Next, we create our learner with the accuracy and loss metric on both training and validation steps
along with the device and the epoch. We also configure the checkpointer using the CompactRecorder
to indicate how weights should be stored. This struct implements the Recorder
trait, which makes
it capable of saving records for persistency.
We then build the learner with the model, the optimizer and the learning rate. Notably, the third argument of the build function should actually be a learning rate scheduler. When provided with a float as in our example, it is automatically transformed into a constant learning rate scheduler. The learning rate is not part of the optimizer config as it is often done in other frameworks, but rather passed as a parameter when executing the optimizer step. This avoids having to mutate the state of the optimizer and is therefore more functional. It makes no difference when using the learner struct, but it will be an essential nuance to grasp if you implement your own training loop.

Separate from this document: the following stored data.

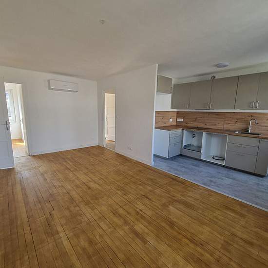 ST ETIENNE CARNOT - 49 rue etienne boisson -A 2 pas du tram, des commerces et de la carnot, à quelques minutes à pied du centre-ville -Très beau T4 de 65 m² entièrement refait à neuf + balcon -Séjour spacieux avec balcon et cuisine aménagée semi équipée (plaques induction, hotte) -Beau parquet dans l'ensemble de l'appartement, murs blanc -3 Chambres avec placards -Une salle d'eau avec douche italienne, meuble vasque et miroir -WC séparé -Cave -Double vitrages -Chauffage individuel par Pompe A Chaleur (PAC AIR-AIR) réversible (chauffage/clim)...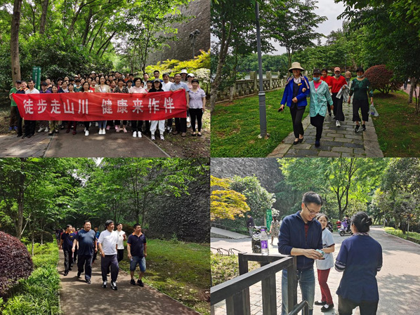 与此同时,将军路校区的员工们也开始了徒步活动,大家齐聚翠屏山脚下,迎着和煦的暖风,一起向山顶发起挑战,随着脚步的不断前行,身在那茂密山林,犹如置身于天然氧吧,个个酣畅淋漓。大家你追我赶,相互鼓励,终于成功抵达顶峰。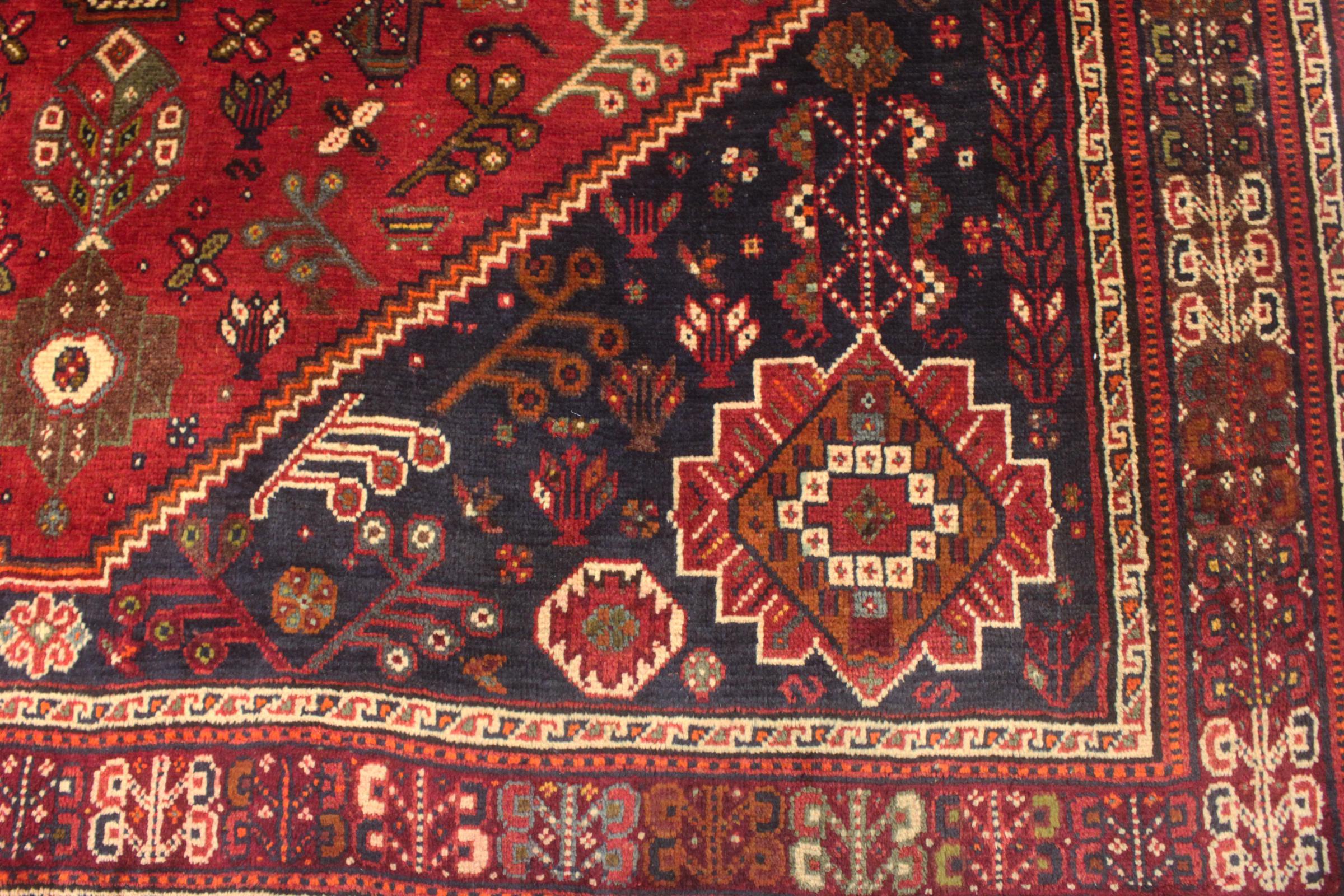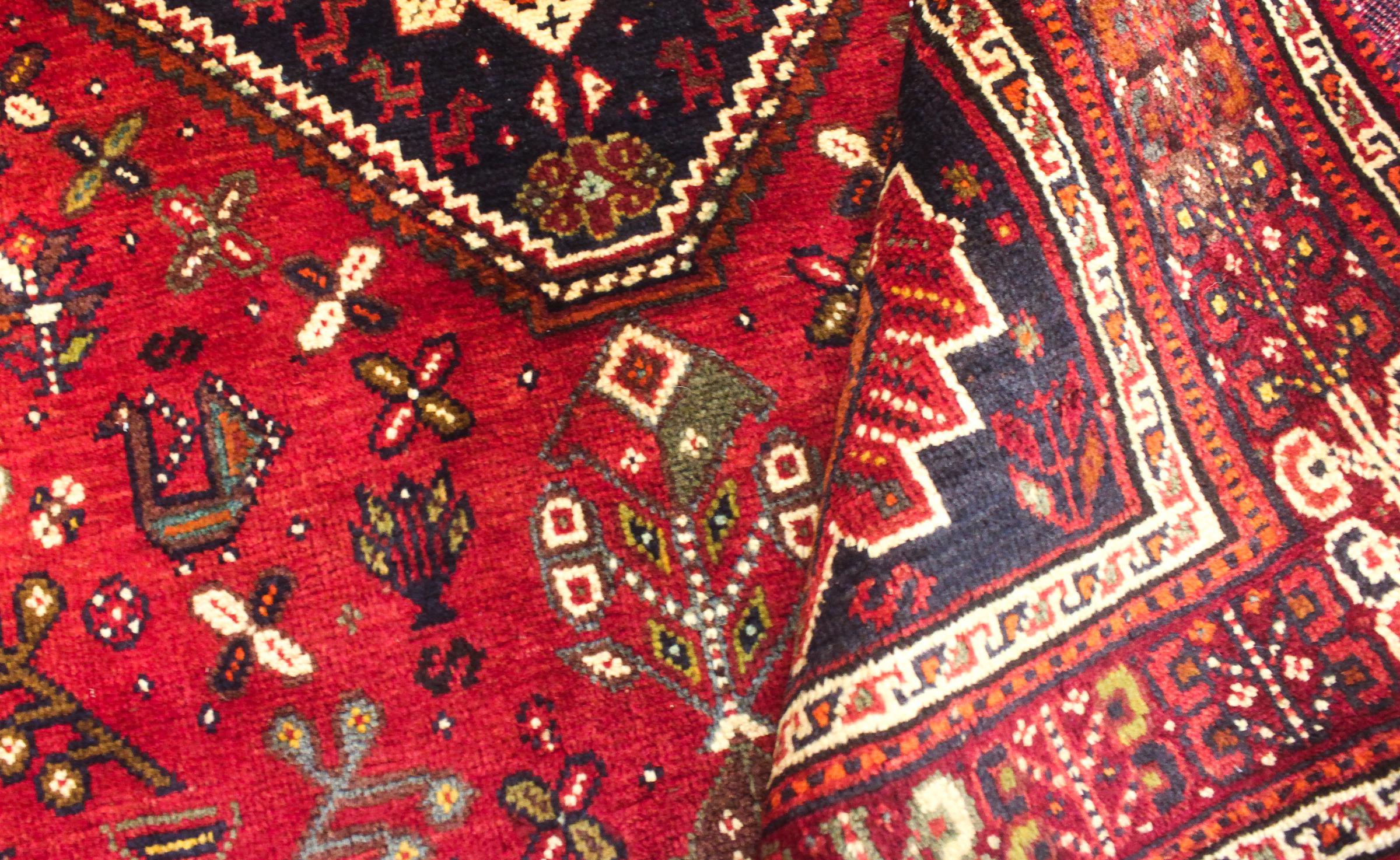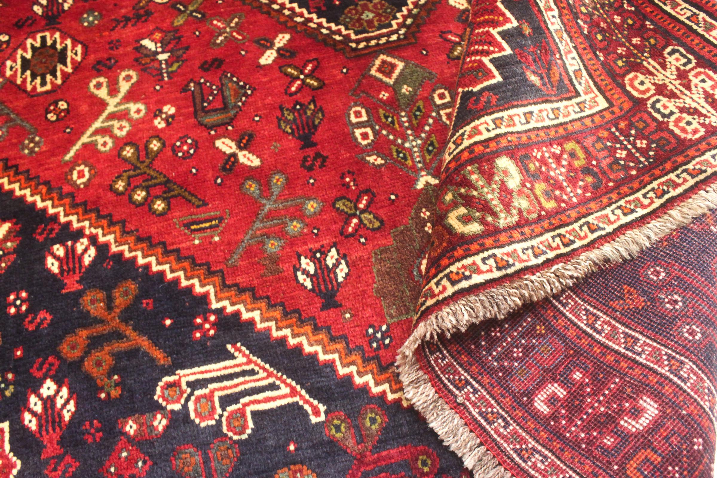 Este tapete pertence a tapetes de aldeia e nómadas do Irão, antiga Pérsia. Este tipo de tapete é atado à mão em cidades mais pequenas e aldeias da velha tradição. Mesmo os nómadas ainda atam tapetes persas ao ar livre. Os tapetes são atados sem padrão e completamente a partir da cabeça. Caracterizam-se por ornamentos clássicos, dispostos em padrões rectos e geométricos. Graças à sua origem cultural-tradicional, estes tapetes têm um carácter único que encarna a antiga Pérsia.
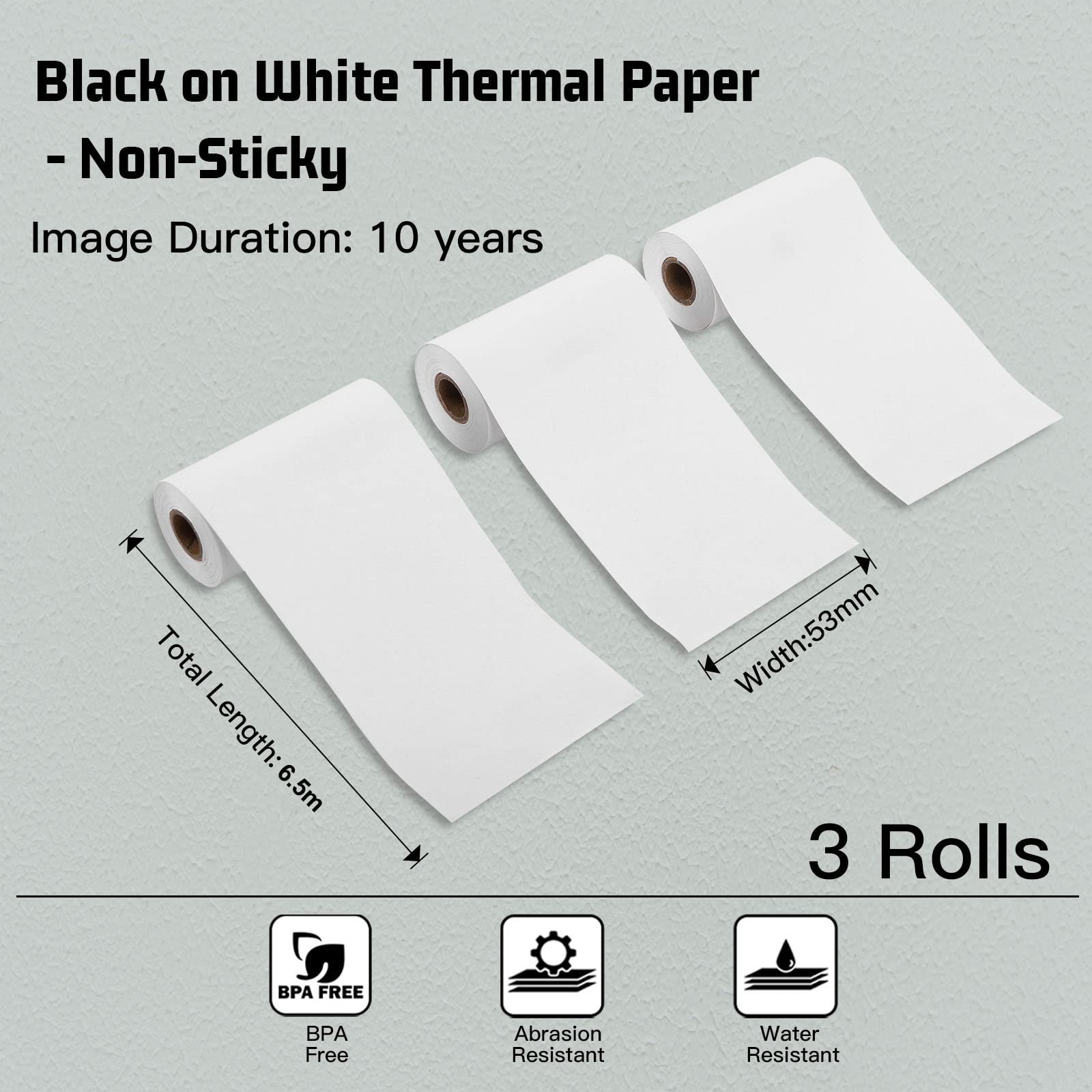 Memoking T02/M02X/M02L Weißes Thermopapier - 10 Jahre nicht klebrig 53mmx6.5m für Journal Fototexte Studiennotizen und mehr, 3 Rollen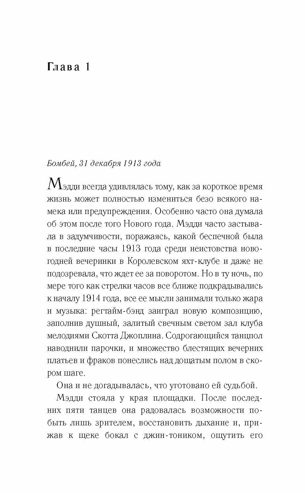 Но надвигается война, и у Люка, как у многих других мужчин, нет иного выбора, кроме как идти сражаться и сгинуть на поле боя. Мэдди получает похоронку… но молодая женщина все же цепляется за обещание, которое дал ей Люк: они обязательно снова встретятся в Бомбее…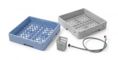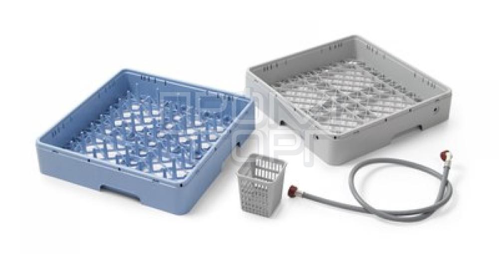 Комплектація: 1 універсальна касета 500x500x(H)105 мм для скляного посуду 1 касета з опорними рейками в конфігурації 5х8 шт., 500x500x(H)105 мм для глибоких та дрібних тарілок 1x100 Перистальтичний дозатор ополіскувача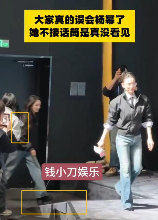 大家真的冤枉杨幂了,她没接话筒不是傲慢,而是真没看见啊。 可以去看一下完整视频,因为入场的地方有一个大斜坡,每个人进来都会盯着那个斜坡,而且大家都是跳着上去的。杨幂也是上斜坡的时候跨的步子比较大,看起来像是在跑。 易烊千玺和朱一龙入场的时候,是在进门处就有人给递话筒。 宋佳入场的时候,走到斜坡前面,工作人员才伸话筒。 工作人员直接把话筒举到她脖子旁边,她没看见,因为她在盯着那个斜坡。 后来工作人员把话筒往前伸,伸到了宋佳的胳膊边上,宋佳才看到的,此时工作人员的身体是在队列外的。 到了杨幂入场的时候,工作人员正脸是对着杨幂的,手里也有话筒,按理说,她应该第一时间给杨幂递话筒。 但不知道为什么,工作人员却没有立刻把话筒递给杨幂,反而还把手收了回去,连站出队列的身体也缩了回去。 一直到杨幂上了台阶,工作人员才在杨幂背后伸出话筒,搁谁也不可能看得见啊。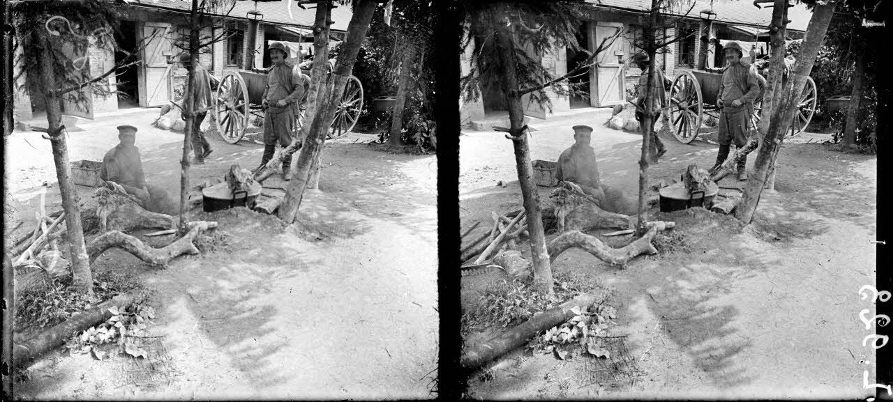 - au camp de Mourmelon : une sentinelle, un groupe d'infirmiers, la cuisine de campagne et ses hommes, des soldats occupés à nettoyer leurs bottes ;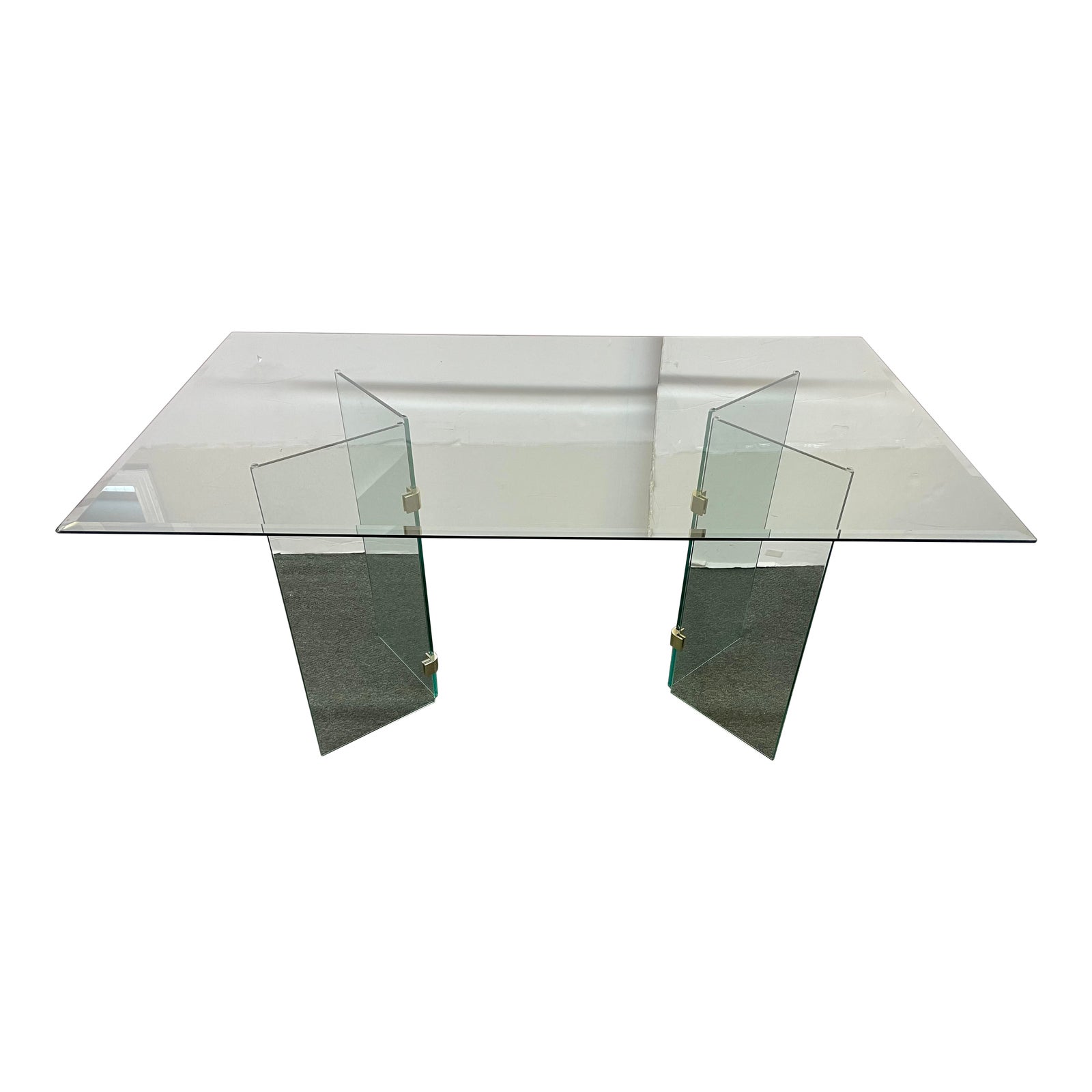 Design Plus Gallery presents a Late 20th Century Pace Collection Style Glass Dining Table. Brothers, Leon and Irving Rosen, created many designs juxtaposing glass and metal. Architecturally minimalist designs became a staple from Pace in the late 70’s blending metallic and glass surfaces. The double pedestal base has a sharp symmetry with a large and expansive beveled rectangular top. Minor wear on surfaces, chip on a corner, table is in good condition.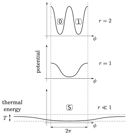 Before investigating bit operations, note that (1) due to conservation of energy, the height of energy barriers for the crank (logical barrier) increases linearly with the gear ratio crank/crankshaft, whereas that of the piston is constant (thermodynamical barrier); (2) the gear ratio can vary continuously by using a so-called “continuously variable transmission” mechanism, say, for instance, a conical pulley for the crank. So that there is no conceptual impossibility for this variation to be performed as slowly as desired in a fully controlled and quasistatic manner. It follows that, while the bit is initially at an equilibrium position (either 0 or 1), the gear ratio can be decreased enough so that the logical barrier becomes smaller than the thermal energy T (see Figure 4). Then, due to fluctuations of pressure below the piston, the position of the crank can fluctuate in any position between 0 and , leading to an undetermined bit value. We, thus, obtain a soft potential well (standard bit-state S), as in the papers of Landauer and Bennett [5,7].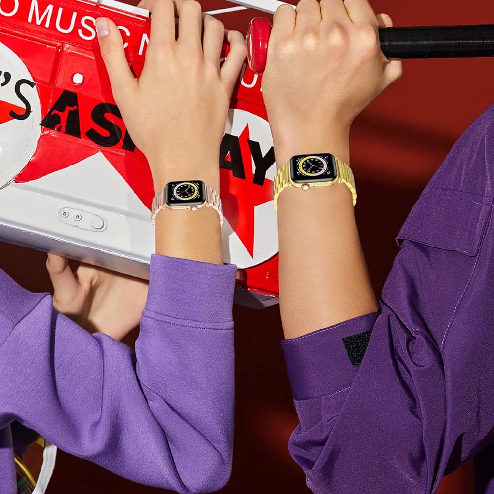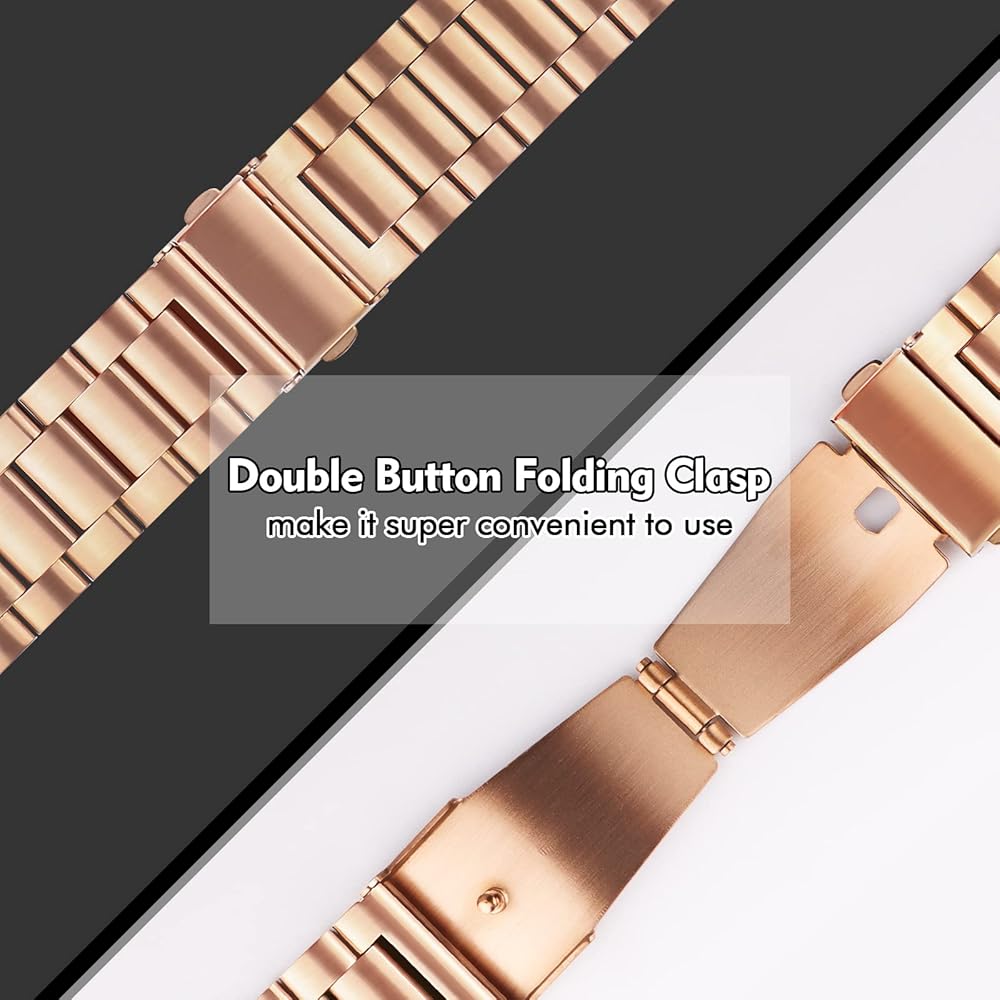 مادة فاخرة: أحزمة الساعة من السلسلة 9 مصنوعة من مادة الفولاذ المقاوم للصدأ عالية الجودة، صلبة ومتينة، ومقاومة للماء والتآكل، ولا تبهت. تصميم بإبزيم بزر مزدوج قابل للطي لقفل ساعتك بأمان.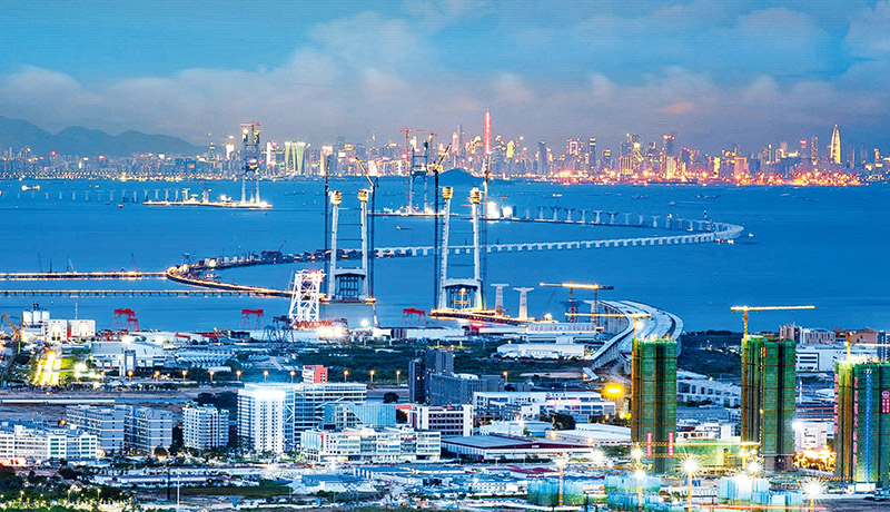 曾經(jīng)被伶仃洋隔斷的珠江口兩岸城市群,正被一條條交通大動脈連通?;浉郯拇鬄硡^(qū)高質(zhì)量發(fā)展,充分彰顯習(xí)近平新時代中國特色社會主義思想的真理之光。圖為正在建設(shè)的深中通道(資料照片)?!⌒氯A社發(fā) 黃春華/攝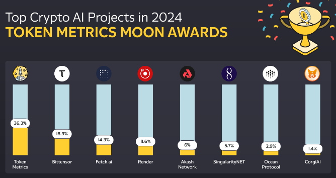 在Moon Awards调查中,Token Metrics以36.3%的总票数获得了第一名。

Once the learner is created, we can simply call fit
and provide the training and validation
dataloaders. For the sake of simplicity in this example, we employ the test set as the validation
set; however, we do not recommend this practice for actual usage.
Finally, the trained model is returned by the fit
method. The trained weights are then saved using
the CompactRecorder
. This recorder employs the MessagePack
format with half precision, f16
for
floats and i16
for integers. Other recorders are available, offering support for various formats,
such as BinCode
and JSON
, with or without compression. Any backend, regardless of precision, can
load recorded data of any kind.